═════ Data to examine ═════

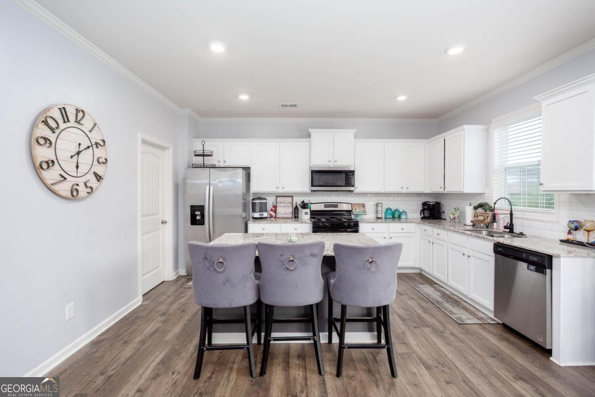 Discover the spacious Hanover plan in the sought-after Sienna Forest community-featuring an unfinished basement and located just minutes from downtown Dallas, Lake Acworth, Kennesaw Mountain, and highways 120 and 278. Step inside to find a welcoming family room with a cozy corner fireplace and a chef-inspired kitchen complete with white cabinetry, crown molding, granite countertops, subway tile backsplash, a large island, and stainless steel appliances. A guest bedroom with a full bath is conveniently located on the main floor. Upstairs, enjoy a versatile loft space perfect for relaxing, working, or entertaining, along with a dedicated laundry room. The luxurious primary suite boasts an oversized walk-in closet, a dual-sink vanity, soaking tub, and separate shower. Designed with Smart Home Technology, this home blends modern convenience with timeless style. Additional highlights include soaring 9-foot ceilings, waterproof laminate vinyl flooring on the main level, elegant crown molding, and a grand entryway. The fully fenced backyard offers privacy and plenty of room for outdoor living. Whether you're hosting guests or enjoying quiet evenings at home, this property has it all. Ideally situated near shopping, dining, outdoor recreation, and entertainment, this stunning home offers the perfect combination of comfort, function, and location. Schedule your private tour today and make it yours!
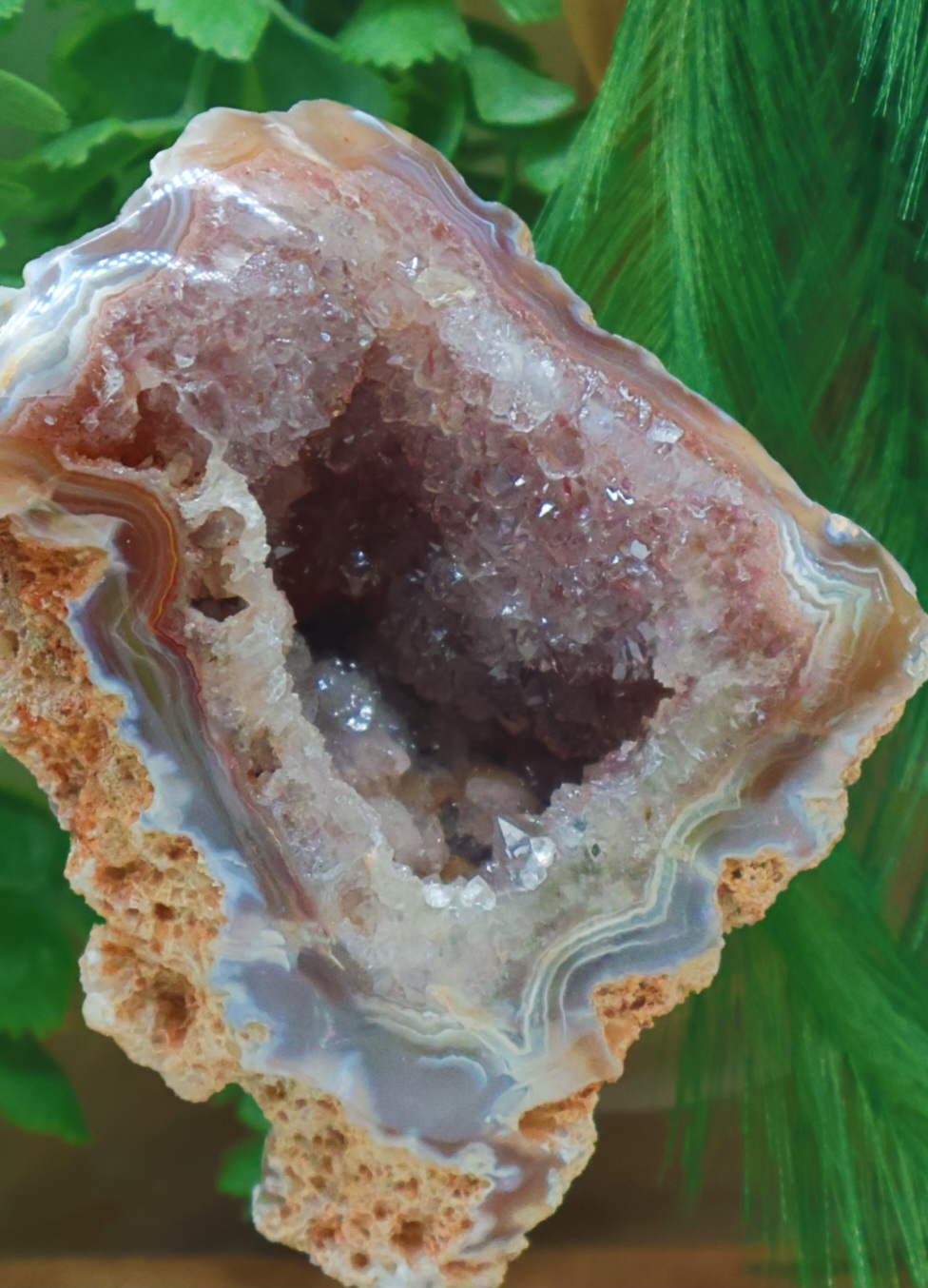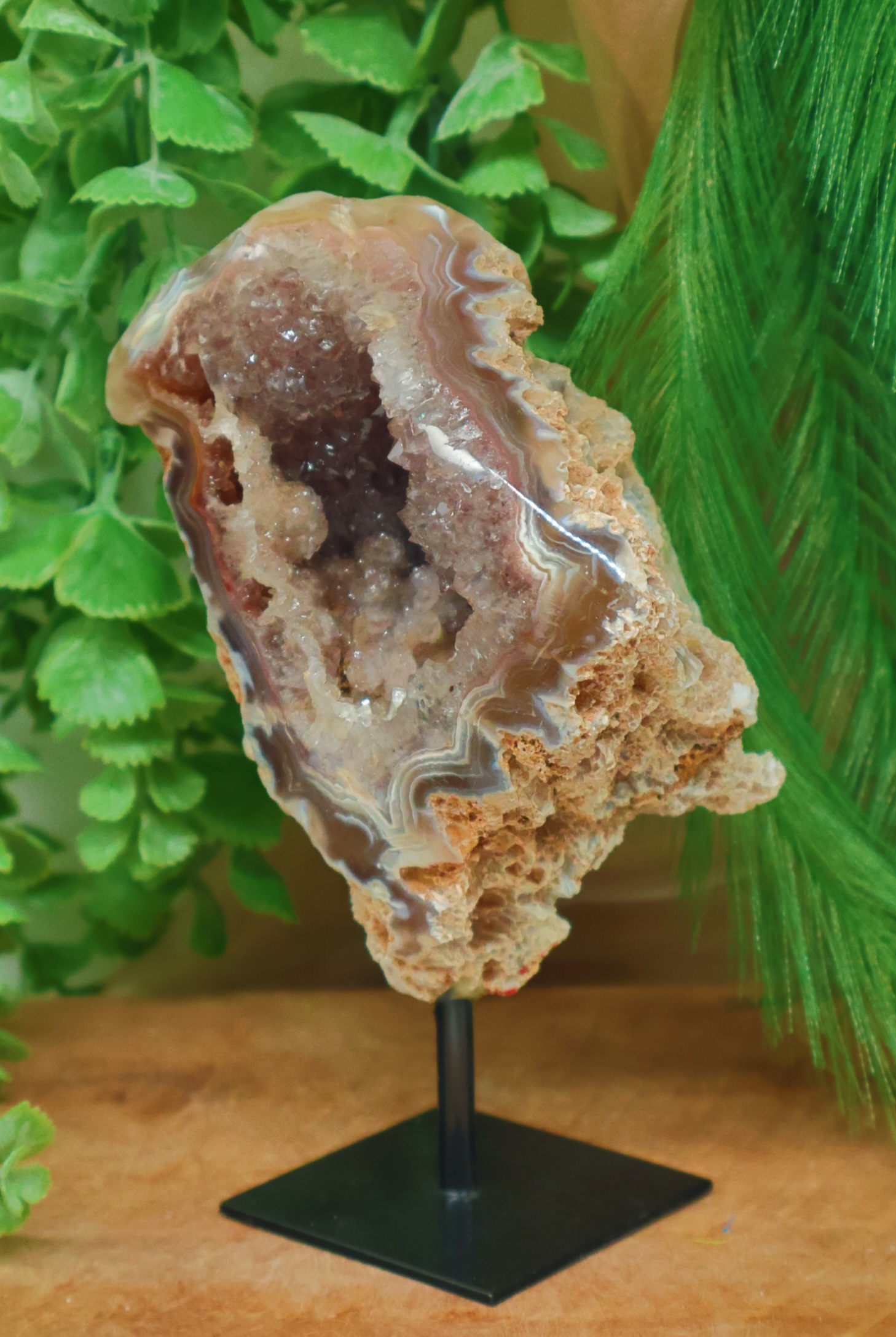 Dit geweldige stuk bestaat uit agaat met een kern van kristallen. Dit stuk heeft een gewicht van 791gr met een hoogte van 18cm.
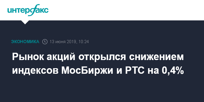 Рынок акций открылся снижением индексов МосБиржи и РТС на 0,4%
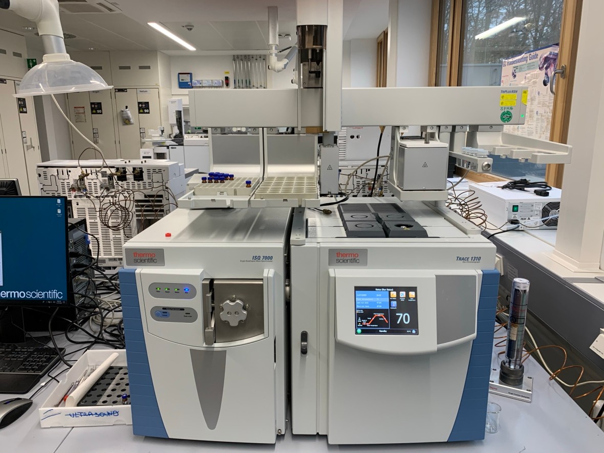 In the environment, microplastics and tire wear particles may release a number of chemical additives (e.g., plasticizers, flame-retardants). Those hazardous organic compounds, thus, cause adverse impacts on terrestrial and aquatic ecosystem. Using our Py-GC/MS, we can investigate not only the type and amount of the microplastics but also hazardous organic compounds associating to the microplastics. Furthermore, we use compound-specific stable isotope analysis (CSIA) for the investigation if the origin or the degradation mechanism of the compound. The stable isotope composition of a compound is used as a specific fingerprint. For instance, hydrogen isotope composition of agricultural products like olive oil or wine can be used to estimate the geographical origin of the products. Our GC-C-IRMS is capable of implementing stable hydrogen (δ2H), carbon (δ13C) and oxygen (δ18O) isotope analyses. We can also analyze chlorine (δ37Cl) and bromine (δ81Br) isotopic compositions of halogenated pollutants in the environment to investigate their fate and transport.
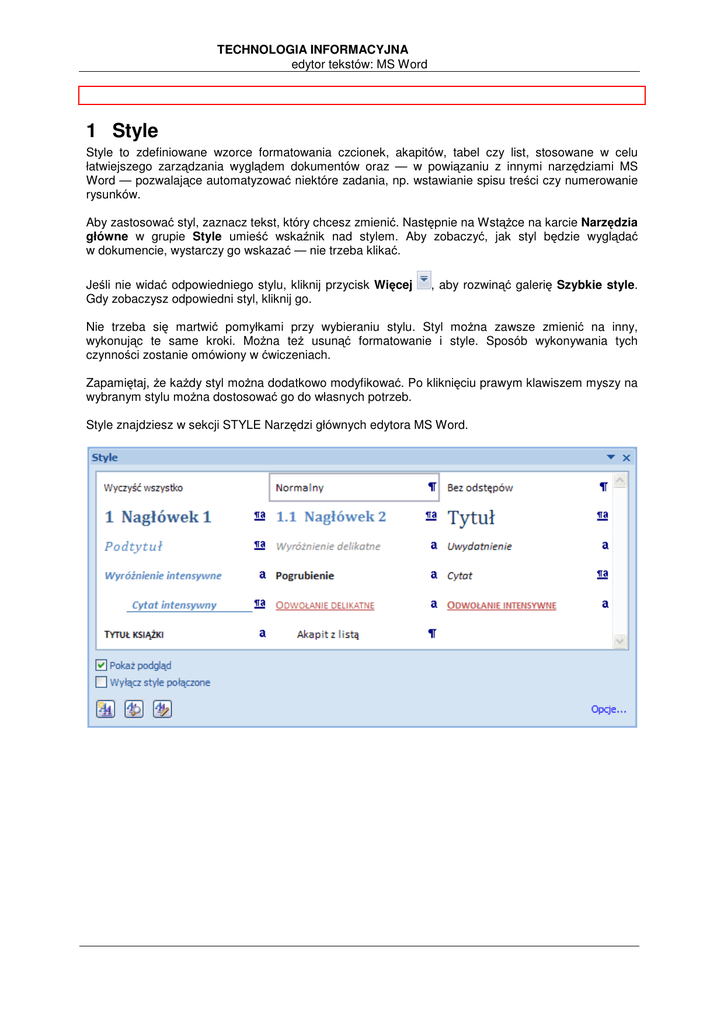 TECHNOLOGIA INFORMACYJNA edytor tekstów: MS Word 1 Style Style to zdefiniowane wzorce formatowania czcionek, akapitów, tabel czy list, stosowane w celu łatwiejszego zarządzania wyglądem dokumentów oraz — w powiązaniu z innymi narzędziami MS Word — pozwalające automatyzować niektóre zadania, np. wstawianie spisu treści czy numerowanie rysunków. Aby zastosować styl, zaznacz tekst, który chcesz zmienić. Następnie na Wstążce na karcie Narzędzia główne w grupie Style umieść wskaźnik nad stylem. Aby zobaczyć, jak styl będzie wyglądać w dokumencie, wystarczy go wskazać — nie trzeba klikać. Jeśli nie widać odpowiedniego stylu, kliknij przycisk Więcej Gdy zobaczysz odpowiedni styl, kliknij go. , aby rozwinąć galerię Szybkie style. Nie trzeba się martwić pomyłkami przy wybieraniu stylu. Styl można zawsze zmienić na inny, wykonując te same kroki. Można też usunąć formatowanie i style. Sposób wykonywania tych czynności zostanie omówiony w ćwiczeniach. Zapamiętaj, że każdy styl można dodatkowo modyfikować. Po kliknięciu prawym klawiszem myszy na wybranym stylu można dostosować go do własnych potrzeb. Style znajdziesz w sekcji STYLE Narzędzi głównych edytora MS Word.
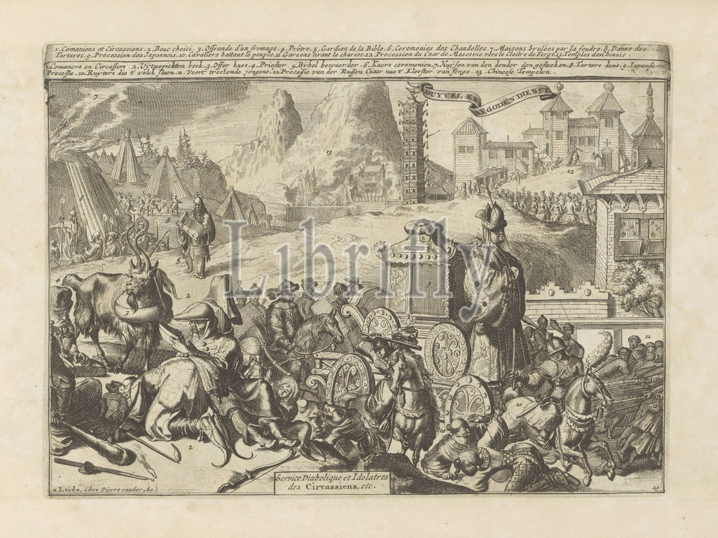 Religious acts and ceremonies in the East Indies, Duyvel and idolatrous service, Service Diabolique et Idolatres des Circassiens, etc (title on object), Les Indes Orientales et Occidentales et autres lieux (series title), Landscape with various religious acts or ceremonies. On the left, a goat with a sacrificial cheese around its neck. Behind it a bible keeper and a candle ceremony. On the left, a Japanese procession. The statue of the gods on a cart is pulled by boys on ropes. Behind it a procession of the Russian Tsar, ending at a monastery. With a legend in Dutch and French. The print is part of an album., print maker: Romeyn de Hooghe, publisher: Pieter van der Aa (I) (mentioned on object), Leiden, 1682 - 1733, paper, etching, height 210 mm × width 289 mm

═════

**Your instructions:** Reproduce these records exactly, but not the pictures.

**Solution:**
 Discover the spacious Hanover plan in the sought-after Sienna Forest community-featuring an unfinished basement and located just minutes from downtown Dallas, Lake Acworth, Kennesaw Mountain, and highways 120 and 278. Step inside to find a welcoming family room with a cozy corner fireplace and a chef-inspired kitchen complete with white cabinetry, crown molding, granite countertops, subway tile backsplash, a large island, and stainless steel appliances. A guest bedroom with a full bath is conveniently located on the main floor. Upstairs, enjoy a versatile loft space perfect for relaxing, working, or entertaining, along with a dedicated laundry room. The luxurious primary suite boasts an oversized walk-in closet, a dual-sink vanity, soaking tub, and separate shower. Designed with Smart Home Technology, this home blends modern convenience with timeless style. Additional highlights include soaring 9-foot ceilings, waterproof laminate vinyl flooring on the main level, elegant crown molding, and a grand entryway. The fully fenced backyard offers privacy and plenty of room for outdoor living. Whether you're hosting guests or enjoying quiet evenings at home, this property has it all. Ideally situated near shopping, dining, outdoor recreation, and entertainment, this stunning home offers the perfect combination of comfort, function, and location. Schedule your private tour today and make it yours!
 Dit geweldige stuk bestaat uit agaat met een kern van kristallen. Dit stuk heeft een gewicht van 791gr met een hoogte van 18cm.
 Рынок акций открылся снижением индексов МосБиржи и РТС на 0,4%
 In the environment, microplastics and tire wear particles may release a number of chemical additives (e.g., plasticizers, flame-retardants). Those hazardous organic compounds, thus, cause adverse impacts on terrestrial and aquatic ecosystem. Using our Py-GC/MS, we can investigate not only the type and amount of the microplastics but also hazardous organic compounds associating to the microplastics. Furthermore, we use compound-specific stable isotope analysis (CSIA) for the investigation if the origin or the degradation mechanism of the compound. The stable isotope composition of a compound is used as a specific fingerprint. For instance, hydrogen isotope composition of agricultural products like olive oil or wine can be used to estimate the geographical origin of the products. Our GC-C-IRMS is capable of implementing stable hydrogen (δ2H), carbon (δ13C) and oxygen (δ18O) isotope analyses. We can also analyze chlorine (δ37Cl) and bromine (δ81Br) isotopic compositions of halogenated pollutants in the environment to investigate their fate and transport.
 TECHNOLOGIA INFORMACYJNA edytor tekstów: MS Word 1 Style Style to zdefiniowane wzorce formatowania czcionek, akapitów, tabel czy list, stosowane w celu łatwiejszego zarządzania wyglądem dokumentów oraz — w powiązaniu z innymi narzędziami MS Word — pozwalające automatyzować niektóre zadania, np. wstawianie spisu treści czy numerowanie rysunków. Aby zastosować styl, zaznacz tekst, który chcesz zmienić. Następnie na Wstążce na karcie Narzędzia główne w grupie Style umieść wskaźnik nad stylem. Aby zobaczyć, jak styl będzie wyglądać w dokumencie, wystarczy go wskazać — nie trzeba klikać. Jeśli nie widać odpowiedniego stylu, kliknij przycisk Więcej Gdy zobaczysz odpowiedni styl, kliknij go. , aby rozwinąć galerię Szybkie style. Nie trzeba się martwić pomyłkami przy wybieraniu stylu. Styl można zawsze zmienić na inny, wykonując te same kroki. Można też usunąć formatowanie i style. Sposób wykonywania tych czynności zostanie omówiony w ćwiczeniach. Zapamiętaj, że każdy styl można dodatkowo modyfikować. Po kliknięciu prawym klawiszem myszy na wybranym stylu można dostosować go do własnych potrzeb. Style znajdziesz w sekcji STYLE Narzędzi głównych edytora MS Word.
 Religious acts and ceremonies in the East Indies, Duyvel and idolatrous service, Service Diabolique et Idolatres des Circassiens, etc (title on object), Les Indes Orientales et Occidentales et autres lieux (series title), Landscape with various religious acts or ceremonies. On the left, a goat with a sacrificial cheese around its neck. Behind it a bible keeper and a candle ceremony. On the left, a Japanese procession. The statue of the gods on a cart is pulled by boys on ropes. Behind it a procession of the Russian Tsar, ending at a monastery. With a legend in Dutch and French. The print is part of an album., print maker: Romeyn de Hooghe, publisher: Pieter van der Aa (I) (mentioned on object), Leiden, 1682 - 1733, paper, etching, height 210 mm × width 289 mm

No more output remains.